生徒:その経営範囲というものは、登記されるそうですが、審査認可も経なければならないのでしょうか?

先生:経営範囲には、許可経営範囲と一般経営範囲の2種類があり、前者は関係部門の認可を取得した後に登記されるべき経営範囲であり、後者は審査認可を経ずに直接登記することのできる経営範囲です。外商投資企業設立プロジェクトは、商務部門の認可が必要ですので、全て許可経営範囲になるものと考えられます。

生徒:審査認可を要する場合には、その際に経営範囲もチェックされるけれども、経営範囲だけを特別に審査するプロセスはないということですね。でも、なぜ経営範囲という概念が中国企業に必要なのでしょうか?

先生:計画経済の時代においては、企業というものは、国から経営権を与えられて、その範囲内でのみ活動するものであるという発想があり、経営範囲という概念は、主にこの発想に基づいていると考えられます。市場経済に移行した現在となっては、経営範囲の規制は時代遅れとなりつつあるのですが、未だに廃止されることなく存続しています。

生徒:なるほど。もし経営範囲が個別具体的に記載されなければならないとしたら、企業は経営範囲に拘束されて、柔軟な経営をすることが困難になるのではないでしょうか?

先生:そのとおりです。そこで、2004年2月15日に公布された《市場参入制度を改革し経済発展環境を改善することに関する若干の意見》と題する北京市の規定は、営業許可証における経営範囲の記載について、以前のような個別具体的な記載方法ではなく、包括的な記載方法を採用する旨を規定しており、これによって、経営範囲の拘束は以前よりも緩くなりました。時代の流れとしては、かかる北京市のような規定が各地で制定されていくのではないかと予想されますが、全国的には、なお個別具体的な記載方法が採用されています。

生徒:その包括的な記載とは、どのようなものですか?

先生:外商投資企業の場合、「【1】法律法規及び国家外商投資産業政策が禁止しているものについては、経営してはならない。【2】法律法規が審査認可を要すると規定し、及び国家外商投資産業政策が経営を制限している項目は、認可を取得するまで経営してはならない。【3】法律法規が認可を要すると規定しておらず、国家外商投資産業政策が経営を制限していないものについては、経営項目を自主的に選択して経営活動を展開する」と営業許可証に記載されます。即ち、法律法規に違反しない限り全ての活動を行ない得る旨の記載になったわけです。
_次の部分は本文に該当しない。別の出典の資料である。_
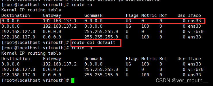 当目标网段为"default"时,表示此行是默认网关记录:当下一跳为""gateway"时,表示目标网段是与本机直接相连的。但是,直接执行"route"命令无法直接看出默认网关地址
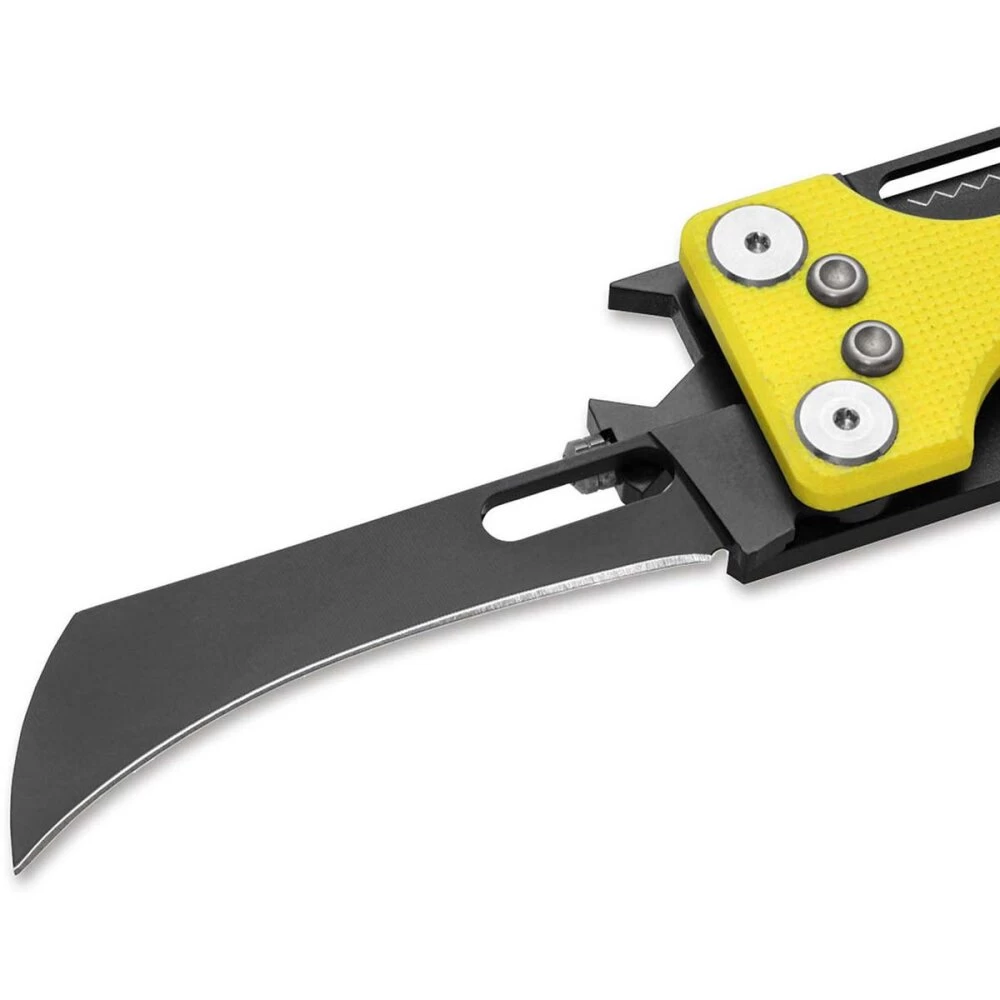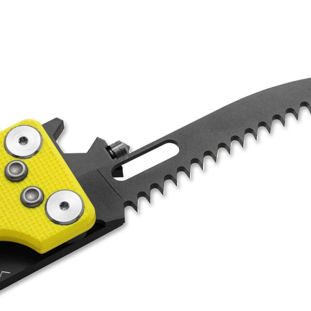 Der Hauptteil ist ein Hebel aus gehärtetem Nitro-B Stahl, der mit einer Meißelspitze samt Nagelzieher ausgestattet ist, wie man es von Stemmeisen kennt. Er wird verwendet, um die Kunststoffverkleidungen der Fahrgastzelle anzuheben bzw. zu entfernen. Auf der gegenüberliegenden Seite befinden sich zwei Schraubenschlüssel (10 und 13 Millimeter), die zum Lösen der Batterieklemmen dienen, sowie ein Hartmetall-Glasbrecher, mit dem man die Seitenscheiben einschlagen oder ein Loch für die Säge in eine laminierte Windschutzscheibe schneiden kann. Unter dem gelben G10-Griff befinden sich zwei Klingen: die Hauptklinge ist zum Durchtrennen von Sitzen und Polstern bestimmt und legt die Komponenten des Airbagsystems frei, das andere ist eine spezielle Säge für Verbundsicherheitsglas. Beide Klingen sind mit einer Button Lock Verriegelung ausgestattet, die sowohl in der Ruheposition als auch in der Arbeitsposition funktioniert. Auf dem G10-Griff und auf der Rückseite des Hauptkörpers befinden sich lumineszierende Aufkleber, die die Sichtbarkeit des Werkzeugs bei schlechten Lichtverhältnissen erhöhen. Ebenfalls auf der Rückseite befindet sich ein lasergraviertes Lineal, das bei der Planung von Schnitten an der Karosserie nützlich ist.
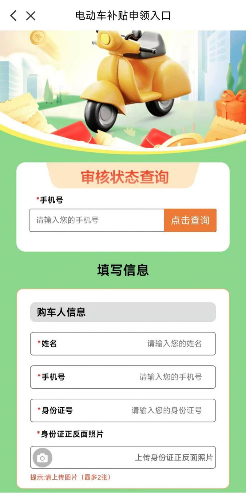 #### 4. 申请材料 - 购车发票原件及复印件。 - 身份证原件及复印件。 - 电动自行车合格证原件及复印件。 - 银行卡(用于接收补贴)。
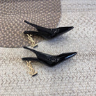OPYUM GOLD HEEL SLINGBACK PUMPS IN BLACK GLOSSY CALFSKIN
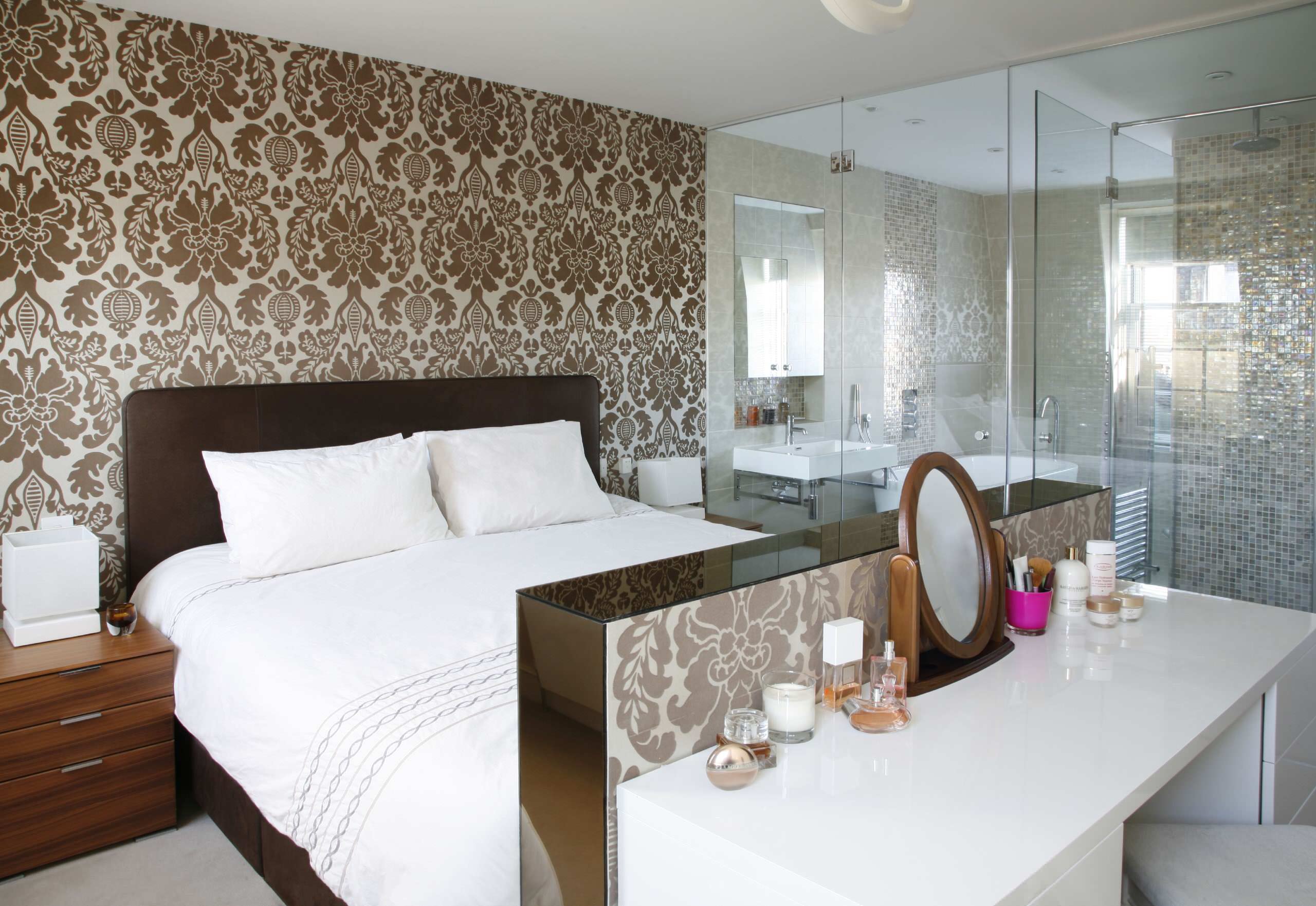 A lack of wall space to site a dressing table needn’t preclude its inclusion in a scheme, as this bedroom demonstrates.

生徒:それは、画期的な改革ですね。北京市以外の地区においては、依然として個別具体的な記載を要しているそうですが、経営範囲を超えて経営活動をすると、どのようなリスクがあるのでしょうか?

先生:それでは、経営範囲を超えて活動をしている疑いのある場合の職権検査、経営範囲を超えて活動した場合の行政及び刑事処罰、経営範囲を超えた活動の効力等について、次回説明しましょう。